Figure 3: Cumulative distribution of edit distances for LLM-generated messages, showing that the majority were accepted without modification.
Message freshness analysis revealed that attacker messages were consistently more diverse than defender messages. Early defender responses relied heavily on templated language, while later turns exhibited greater linguistic novelty.
Engagement Dynamics
The takeoff ratio—the proportion of seeded engagements that received at least one scammer response—was 48.7%. Message brevity and timing were critical: shorter, well-phrased initial messages increased the likelihood of engagement. Day-of-week analysis showed moderate variation, with Mondays yielding the highest takeoff rates.
Figure 4: Day-of-week variation in takeoff ratio, with Mondays exhibiting the highest scammer responsiveness.
Engagement endurance was strongly associated with success. Successful engagements averaged 23.4 message turns and 14.8 days, compared to 6.9 turns and 9.1 days for unsuccessful ones. HITL mode achieved comparable conversational depth in significantly less time.
Scammer response latency was a robust predictor of engagement quality. Successful engagements featured faster scammer replies (mean: 20.35 hours) than unsuccessful ones (mean: 41.05 hours). Survival analysis indicated that 95% of engagements could be considered closed after 28 days of no response.
Figure 5: Cumulative distribution of scammer response times, demonstrating that rapid replies are strongly associated with successful intelligence extraction.
Figure 6: Survival rate of scammer responses over time, establishing a 28-day threshold for engagement closure with 95% confidence.
Design Insights and Operational Implications
The analysis yields several actionable insights:
- Persistence is critical: Multi-turn, sustained engagement dramatically increases the likelihood of sensitive disclosures.
- Human oversight accelerates success: HITL configurations yield faster and more efficient intelligence extraction.
- Message quality matters: HAR is a strong proxy for conversational alignment and outcome quality.
- Template diversity is necessary: Over-reliance on repetitive language in early turns may hinder engagement realism.
- Initial outreach optimization: Concise, well-timed first messages are essential for maximizing takeoff rates.
- Engagement depth drives outcomes: Longer threads are more likely to yield actionable intelligence.

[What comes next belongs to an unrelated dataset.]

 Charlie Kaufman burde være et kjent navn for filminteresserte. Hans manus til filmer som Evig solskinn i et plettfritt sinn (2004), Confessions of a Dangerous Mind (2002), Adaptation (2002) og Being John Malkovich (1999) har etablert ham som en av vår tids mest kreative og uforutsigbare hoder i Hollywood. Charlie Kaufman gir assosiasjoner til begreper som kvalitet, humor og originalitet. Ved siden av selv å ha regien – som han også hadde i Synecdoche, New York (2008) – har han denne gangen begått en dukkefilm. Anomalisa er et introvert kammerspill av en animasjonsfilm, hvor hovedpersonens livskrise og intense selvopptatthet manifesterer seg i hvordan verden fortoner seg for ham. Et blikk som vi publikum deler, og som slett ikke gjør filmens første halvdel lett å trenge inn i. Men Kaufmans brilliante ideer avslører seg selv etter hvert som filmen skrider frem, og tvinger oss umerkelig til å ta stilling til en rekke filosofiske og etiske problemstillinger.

- Scammer responsiveness is predictive: Fast replies signal higher engagement quality and increased probability of disclosure.
These findings inform the design of future scambaiting systems, emphasizing the value of hybrid automation, adaptive dialogue management, and strategic human intervention.

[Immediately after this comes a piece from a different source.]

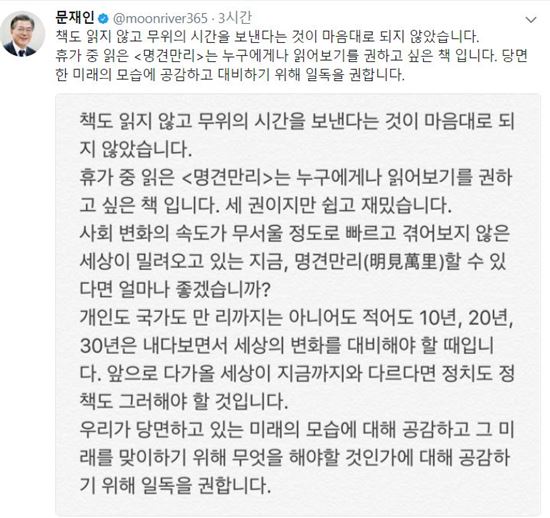 5일 문 대통령은 SNS에 “책도 읽지 않고 무위의 시간을 보낸다는 것이 마음대로 되지 않았다”며 “휴가 중 읽은 ‘명견만리’는 누구에게나 읽어보기를 권하고 싶은 책”이라고 밝혔다. 그는 “세 권이지만 쉽고 재밌다”는 설명도 덧붙였다.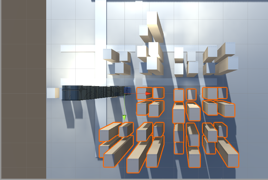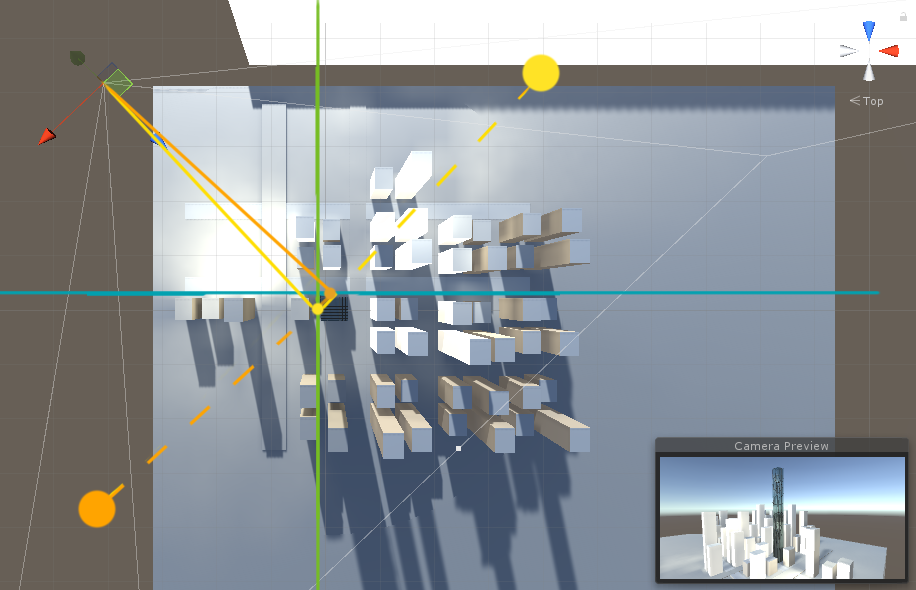 ガラス面に移り込むビルの手前のビルが映り込まないように、ReflectionProbeのCullingMaskを使用しています。CullingMaskでは、レイヤーを指定してチェックが入っていないレイヤーを非表示にすることが出来ます。手前側のビルが邪魔をしないように、Probeに対して手前側の、オレンジに選択されたビル群を、レイヤーに指定して、チェックを外し、映らないように工夫しています。

Limitations and Future Directions
While the system demonstrates robust performance, several limitations remain. The takeoff bottleneck—where half of outreach attempts fail to elicit any response—suggests a need for improved initial message generation and targeting. Further research should explore predictive modeling of scammer behavior, adaptive engagement strategies, and the integration of automated content evaluation metrics. Longitudinal analysis of conversational state transitions and the qualitative impact of human editing are promising avenues for future work.
Conclusion
This paper provides a detailed, empirical assessment of an LLM-powered scambaiting system, establishing operational benchmarks and design principles for proactive scam intelligence collection. The results demonstrate that hybrid systems combining generative AI and human oversight can efficiently and effectively extract actionable threat intelligence from real-world scammers. The proposed evaluation framework and insights lay the foundation for scalable, adaptive, and robust active-defense solutions in the evolving landscape of financial fraud and scam mitigation.